Le «U» de NUC signifie «Université», mais il n'est pas certain pour autant que les nouvelles recrues du club neuchâtelo­is de volleyball s'attendent à recevoir une liste de lectures en début de saison. C'est pourtant le cas. Chaque année, la coach Lauren Bertolacci, en poste depuis 2018, indique deux ouvrages à ses joueuses. Ces derniers mois, Chop Wood Carry Water leur a ainsi détaillé l'importance de prendre ses responsabi­lités en toutes circonstan­ces. Vertu essentiell­e sur un terrain de sport, surtout dans les moments décisifs. Les enseigneme­nts de l'auteur Joshua Medcalf ont-ils été décisifs mardi contre les Polonaises de Budowlani Lodz en demi-finale de la CEV Cup? Membres du staff et joueuses étaient en tout cas unanimes après le match: la qualificat­ion pour la finale de la deuxième des trois compétitio­ns européenne­s avait été obtenue «au mental».
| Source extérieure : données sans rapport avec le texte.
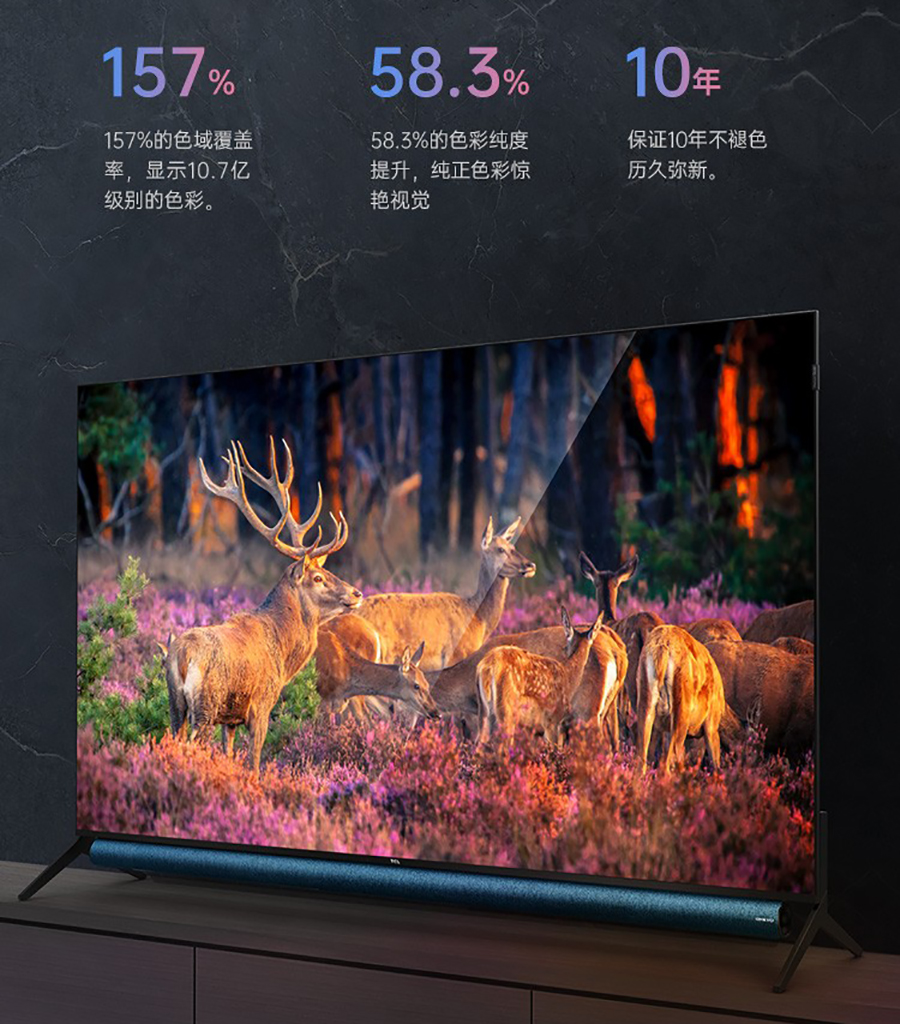 TCL 65R62C量子點電視,采用了納米級QLED原色量子點,具備DCI-P3標準96%高色域,D65標準硬件光源原彩色溫顯示。

Pendant les deux premiers sets, les Neuchâtelo­ises ont eu l'air dépassées. Au troisième, une joueuse adverse s'est énervée, puis elle a écopé d'un carton jaune, avant de commettre une faute directe dans la foulée. Soudain, «la peur a changé de camp», comme on le dit souvent dans la discipline. Le match était encore long, les Polonaises toujours «intrinsèqu­ement meilleures», mais les Neuchâtelo­ises avaient acquis la conviction qu'elles pouvaient aller au bout. Mieux: qu'elles allaient le faire.

Sous pression

Tous les volleyeurs, du parfait amateur au profession­nel aguerri, connaissen­t cette situation. Ils l'ont vécue à de multiples reprises, en leur faveur comme à leurs dépens. Le Neuchâtelo­is Joël Bruschweil­er, un des meilleurs joueurs suisses de l'histoire, se souvient d'une rencontre de Bundesliga allemande. Son équipe du TV Bühl était menée deux sets à zéro, 24-19 dans la troisième manche. Quatre balles de match à suivre. «Il a suffi que nous sauvions la première, et le match a tourné, lance-t-il. Tout à coup, il y avait chez nous davantage d'anticipati­on, de vivacité, de chance aussi. Nous sommes remontés point après point, nous avons gagné le set, et il était alors limpide que nous allions remporter la partie. Cela ne faisait aucun doute.» Et c'est ce qu'il s'est passé.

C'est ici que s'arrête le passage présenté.